There was no need to leaf through a tome on racing history to know that Ganassi’s response was self-referential. In 2010, Ganassi won the Daytona 500 with Jamie McMurray and the Indy 500 with Dario Franchitti.
With Juan Pablo Montoya’s second Indy 500 win Sunday, the list now includes Penske, whose Sprint Cup team captured Daytona with Joey Logano three months ago.
“(Ganassi) wouldn’t let me in the club,” joked Penske, who has a record 16 wins in the Indy 500. “I finally got in. He sent me a note earlier, he said, ‘Welcome to the club.’ I said, ‘Thanks for the invite.’ ”

The statistical nugget embodied the theme of the 99th running of the Indianapolis 500-Mile Race. Of the 200 laps around the 2.5-mile layout, 193 were led by either Penske or Ganassi drivers.
Ganassi led 124 laps between pole-sitter Scott Dixon (race-high 84), Tony Kanaan (30) and Charlie Kimball (10), and Penske paced 69 circuits between Simon Pagenaud (35), Will Power (23), Montoya (9) and Helio Castroneves (2).

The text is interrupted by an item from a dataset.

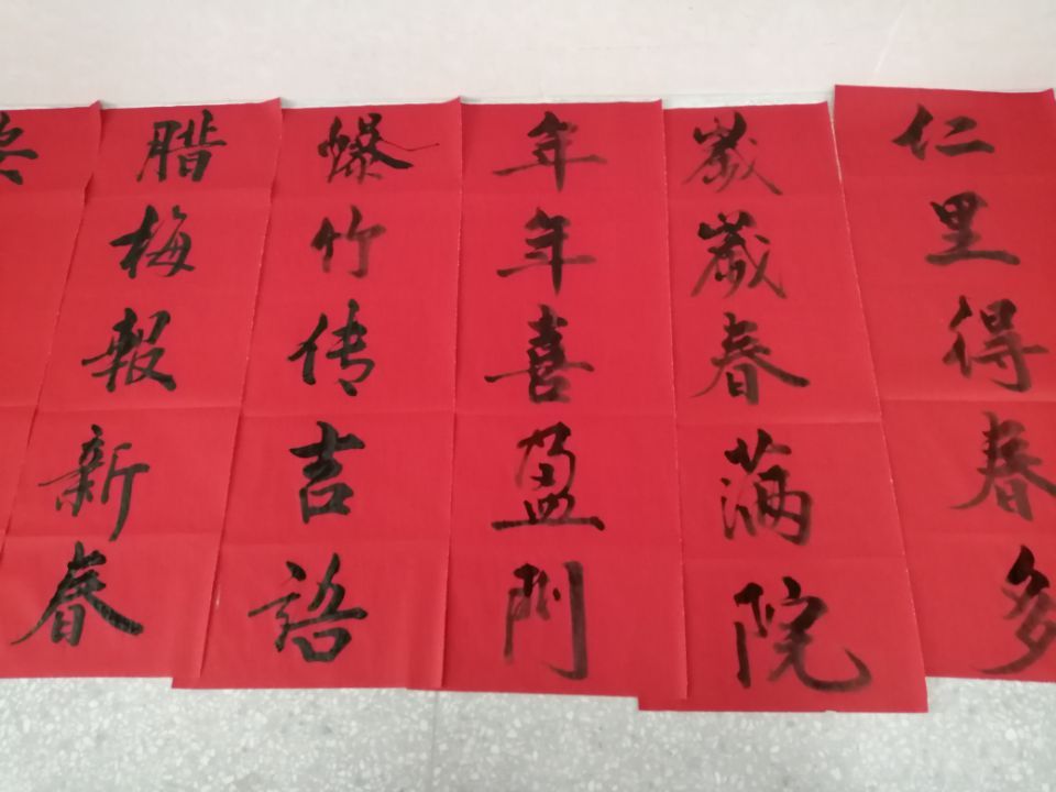 为了提高书写效率,学校将党建室设为工作间,同时为了让家长能及时领取到春联,要求书写春联的三位老师一大早就赶到学校。裁剪条幅,折叠字格,三位老师有条不紊地做好准备工作后,挥毫泼墨,短短两个小时就完成八十张红纸的书写,共书写对联一百八十余幅。 学校安排工作人员及时将对联分发到学生家长手里。拿到对联的家长满脸笑容,一个劲儿的感谢学校赠送的新年礼物。该校校长杨乃军代表学校也表示了对各位家长对学校的一贯支持的感谢。 上午十点半,赠送春联活动圆满结束。随后,校领导走进退休老教师家里,向他们赠送了春联,并带去了新年的祝福。(张道云)
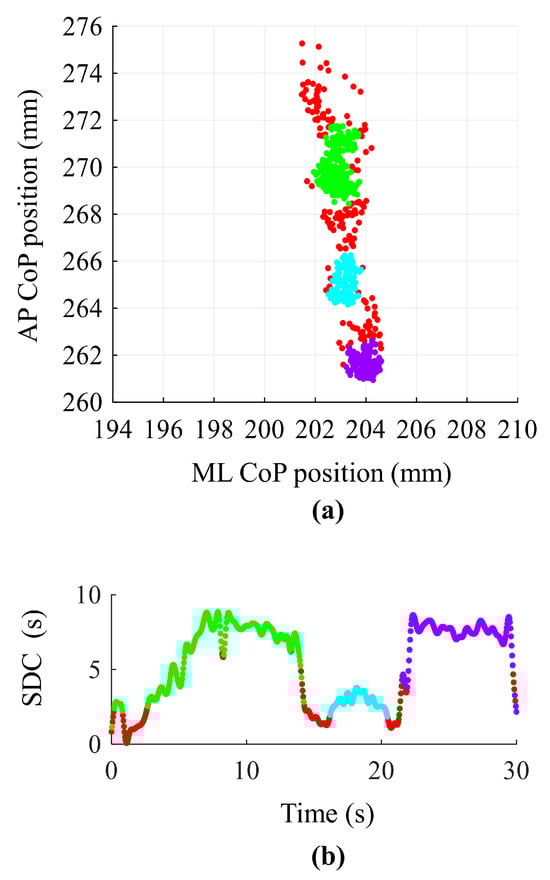 Cluster analysis and the Sway Density Curve (SDC). (a) The statokinesigram (Antero–Posterior (AP) position versus Medio–Lateral (ML) position of the Centre of Pressure (CoP)) of one representative subject with MS under the Eyes Open (EO) condition before the Exoskeleton training (pre-Exo). Referred to this trial, the dbscan function identified, on the statokinesigram, three clusters (green, light blue, and violet dots) considered as the areas of stability. The red dots are the outliers identified by the dbscan algorithm. (b) The SDC curve of the same trial depicted in Panel (a). The CoP samples classification obtained by the cluster analysis is superimposed to the SDC curve in order to compute the period of instability (paled coloured rectangles) of this trial.

Montoya is the common denominator between the powerhouse organizations, having won his first Indy 500 in 2000 with Ganassi. Underscoring the respect of the rivalry, Montoya was stopped before beginning the winner’s convertible victory lap for a hug and hearty congratulations from his former car owner (who also fielded a Sprint Cup car from 2007-13 before he joined Penske).
“We’re still good friends,” Montoya said of Ganassi. “He made a business decision. That’s what it was. He brought his ‘A’ game. We did, as well. I think the big difference is Roger has four bullets to win. Honestly, he really does. I think Chip has two, maybe, where we have four.”
Ganassi fields full-time Chevys for Dixon, Kanaan and Kimball but also entered Sebastian Saavedra and Sage Karam at Indy.
“I told Chip I knew if I ran four (cars), he’d run five,” Penske said with a laugh last week.
Ganassi and Penske, who have combined to win eight of the past nine championships, have the top four drivers (Montoya, Power, Dixon, Castroneves) in the points standings through six races.